The push for protection
The debate over protections for business credit cards has been going on for decades and was part of the original discussions during the development of the CARD Act.
“The business card portion was negotiated away in the political process,” Bourke says. Pew and NSBA are among the organizations that want the federal protections extended to business credit cards. Financial industry representatives, meanwhile, argue that small business owners with a presumed higher level of financial sophistication do not need the same protections that consumers do and that extending such protections would further shrink available credit.
Yet NSBA says the protections are urgent for its members, as reliance on credit cards grows while other financial lifelines (like loans) are harder to grab. In NSBA’s 2011 Year-End Economic Report, 33 percent of respondents said they had used credit cards for financing, more than double the 16 percent who did in 1993. NSBA 2011 data also show that 54 percent said their terms had worsened, compared with five years ago. This is the lowest this indicator has been in four years, but still a majority.
Meanwhile, National Federation of Independent Business research published in January 2012 shows that 57 percent of small employers tried to secure credit from a financial institution in the past 12 months, a 9 percent increase from 2010.
In other words, small business owners are eager for credit, which could make them vulnerable to issuers’ terms. Bourke says better disclosure requirements for business credit card issuers may likely come before any extension of the CARD Act.
Business card perks
So why don’t people just use their personal credit cards, with their federal protections, to charge business expenses?

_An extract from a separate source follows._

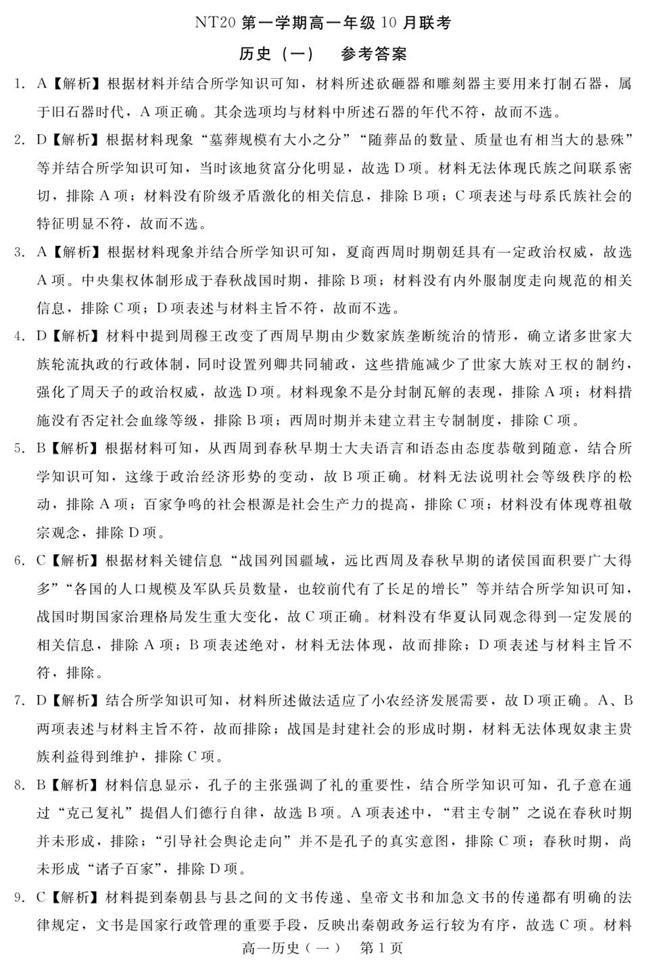 高三历史答案--河北省NT20名校联合体2025-2026学年高一上学期10月联考

Because of the many advantages to having a credit card just for business purposes.
Business credit cards can make it easier to track business expenses. They may also have rewards geared toward your business (such as cash back or airline miles), higher credit limits and more flexible payment options. It also may be good for your business to have the name branded on the card. You can also get separate cards for each employee with individual spending limits.
“What’s important to know is that whatever those advantages may be, they must also be weighed against the disadvantages,” Bourke says.